GMR wins Male airport deal
GMR Infrastructure-led consortium on Thursday won a bid to build, operate, modernise and expand the Male International Airport (MIA) in the Maldives. The contract will be for 25 years.
The GMR-Malaysia Airports Holdings Berhad consortium proposes to pay $78 million upfront, one per cent of the total profits in the first year (until 2014) and 10 per cent of the profit from 2015 to 2035. It will also pay 15 per cent of fuel trade revenues in the first four years and 27 per cent from 2015 to 2035.
“We have bid for Male airport because of its high future potential. Since it is the only airport of the capital city and the government’s focus on tourism, it is frequented by high net worth individuals, who could be tapped for increasing the revenue from duty-free shopping,” Mr P. Sripathy, the CEO of the GMR Hyderabad International Airport Ltd told this newspaper from Male.

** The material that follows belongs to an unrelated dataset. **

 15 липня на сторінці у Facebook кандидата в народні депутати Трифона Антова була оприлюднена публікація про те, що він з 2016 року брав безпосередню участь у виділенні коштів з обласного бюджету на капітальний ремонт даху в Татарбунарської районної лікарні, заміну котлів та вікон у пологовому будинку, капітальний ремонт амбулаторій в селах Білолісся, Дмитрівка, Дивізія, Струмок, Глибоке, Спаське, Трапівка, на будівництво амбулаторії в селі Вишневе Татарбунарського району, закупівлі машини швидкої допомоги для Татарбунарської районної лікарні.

Since it is a brownfield airport, he said the company will start making profits from day one.
With this, the group now has five airports in Delhi, Hyderabad, Istanbul and two airports in the Maldives in its portfolio.
Asked if the company is scouting for any other airports, Mr Sripathy said the company always considers acquiring good airports, but he declined to identify the airports.

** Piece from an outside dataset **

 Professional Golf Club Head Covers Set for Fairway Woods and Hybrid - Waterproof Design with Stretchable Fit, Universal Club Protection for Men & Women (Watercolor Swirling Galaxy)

This is the second airport that GMR will be taking up in the South Asian island nation — the first one being the modernisation and operation of the Hanimaadhoo airport.

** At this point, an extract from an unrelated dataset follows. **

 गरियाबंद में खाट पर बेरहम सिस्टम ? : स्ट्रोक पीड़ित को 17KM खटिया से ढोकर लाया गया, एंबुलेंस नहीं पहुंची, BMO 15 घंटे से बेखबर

Apart from the GMR-led consortium, two other consortia — Aeroport De Paris, France-TAV, Turkey consortium and Zurich Airport-GVK consortium had participated in the bidding.
GVK Airport Developers has reportedly offered $27 million as upfront payment, 27 per cent of the total profits in the first four years, nine per cent of the profit from 2015 to 2035 and nine per cent of fuel revenues.
The Turkey consortium offered $7 million upfront payment, 31 per cent of profits until 2014, 29.5 per cent of the profits for the remaining years.